Irish Stereotypes

On one of our first days of class, we discussed topics that we stereotypically associate with Ireland. The following ideas came to mind: overconsumption of alcohol, having a lot of babies, the color green, sheep, bogs, potatoes, emotionally sporadic, and poverty. The idea that thinking of Ireland sets off mental triggers for certain words is very ill-advised, it paints a diverse Ireland in a way that can be summarized by one word. This is not only simply wrong, but it is damaging to the people, the culture, the economy, and the view from other parts of the world. 

This is a bog in Ireland, something that is not the entire country but is simply thought of when hearing the name “Ireland”.

These responses are both positives and negatives, but what they all have in common is their contribution to creating a national identity.  A lot of stereotypes can be discussed as having a grain of truth based on the idea of landscape. The problem with this type of thinking is that Ireland as a whole is categorized under these modes, preserving Ireland as a single story to the rest of the world. Additionally, these stereotypes were used in literature.

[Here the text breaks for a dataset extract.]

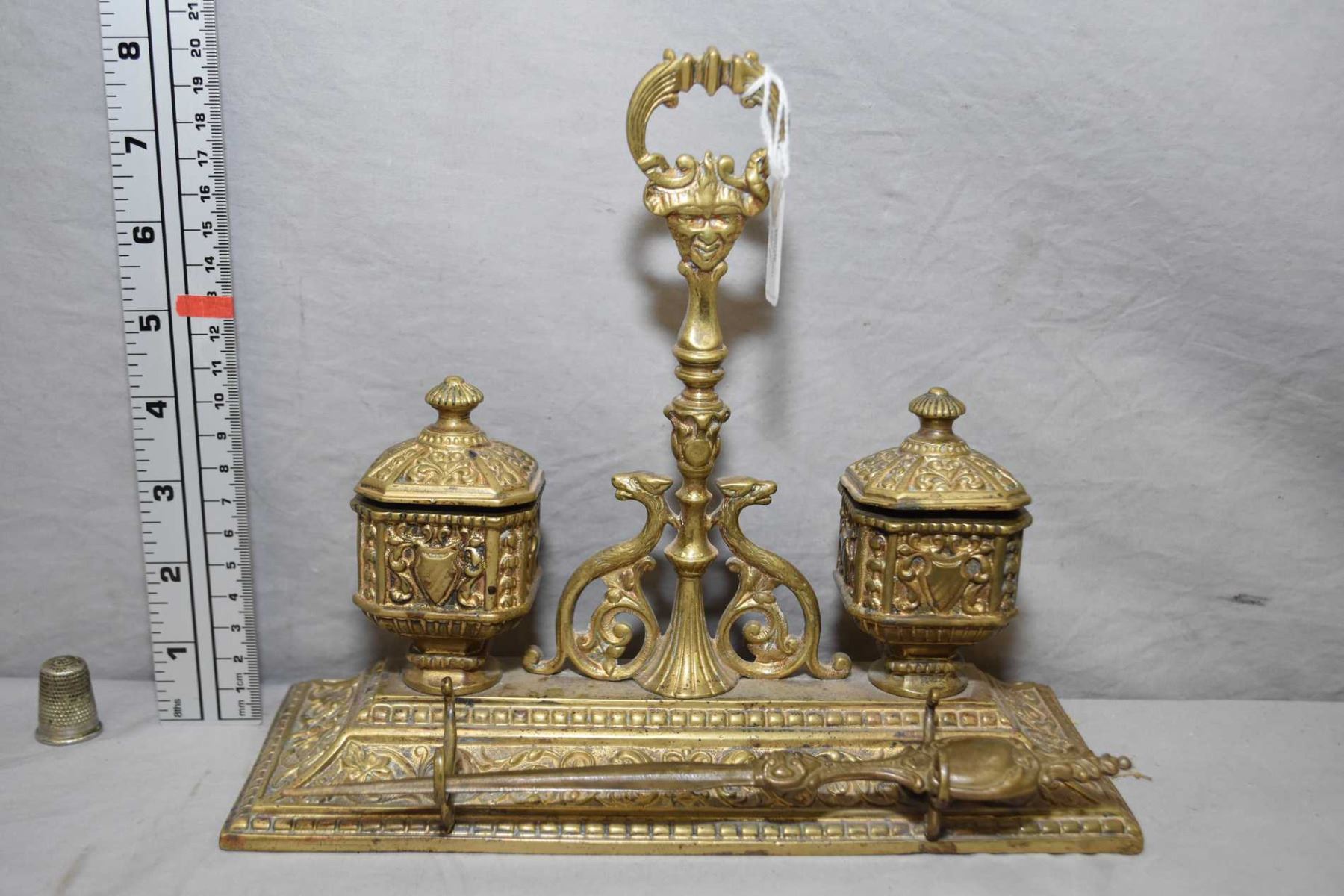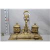 Brass double lidded inkwells with liners, pen holder and letter opener

William Butler Yeats employed some of these stereotypes in order to make his works that would be vague more ‘Irish’ to appeal to a more specific audience. Specifically, The Celtic Twilight by Yeats contains many works pertaining to the Irish landscape in particular. In his folklore tale, “A Voice”, these generalizations are made by the description of “marshy ground” (like bogs), and children dressed in olive green clothing. However, this examination of stereotypically Irish things backfires when there is mention of something beyond the general knowledge of outsiders to Irish culture: Yeats writes that he was “preoccupied with Aengus and Edain, and with Manannan, God of the Sea” — this radically excludes a wider audience. The exclusion and inclusion of certain types of audiences is very interesting, as Yeats can be argued to be someone who was delivering positive stereotypes. The positive stereotypes are the beauty of Ireland and the simplicity of this life he wishes to return to. Though, the simplicity as also quite the problem because of thinking Ireland is just a simple place while it has cities as well. Especially during the time of Yeats, Dublin would have been very populated. 

As discussed in another page, J.M. Synge is another who has contributed to the single story issue. He tends to portray the Aran Islands in a way that it is Ireland completely and the lifestyle there is found all over the country.

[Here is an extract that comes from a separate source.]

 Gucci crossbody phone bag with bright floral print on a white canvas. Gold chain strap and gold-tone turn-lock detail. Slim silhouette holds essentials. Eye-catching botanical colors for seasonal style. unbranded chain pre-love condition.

Irish Stereotypes like Celticism ingrained in everything are prevalent throughout the world which shows that the single stories have been bought into. That dangerous exchange of power makes Ireland seem simple and it is often found with things like alcohol and bars. Many “Irish” bars in United States are portrayed with Celtic imagery or most often: Leprechauns and clovers.

The bar pictured above is a prime example for how the Irish stereotypes are played out in the world. This is Kelly’s Saloon, an establishment that portrays many of the negative aspects that can be thought of for Irish Stereotypes. The name of the bar has a four-leaf clover in it, everything is green, and the sign is the particularly harmful aspect. 

The most harmful piece of this sign is the symbol being a “drunken Irishmen”. This is an extremely disrespectful image as it portrays the Irish this way entirely. The single image here connects to the idea of the single story, it is something that people will call towards their minds when they think of the Irish people from a simple stereotype plastered in the middle of a bustling town. That is the problem with having stereotypes so visible to the public, especially in an area that may not have a very large Irish population. The image will be seen and let to continue, portraying an entire country’s population as a single image.

The Irish ideal is looked for in many forms. Eamon De Valera has searched for this by demanding what he expects of people for a truly Irish person. He says “That Ireland which we dreamed of would be the home of a people who valued material wealth only as the basis of right living, of a people who were satisfied with frugal comfort and devoted their leisure to the things of the spirit-a land whose countryside would be bright with cosy homesteads” (De Valera 466). He is being exclusive to a certain group of people as well as making sure the average person is following the “ideal” life to bring back an “ideal” Ireland. It is significant that he uses the word “we” as a way to collectively use the entire Irish people as one mode of bringing back the Ideal, even if individuals do not necessarily agree.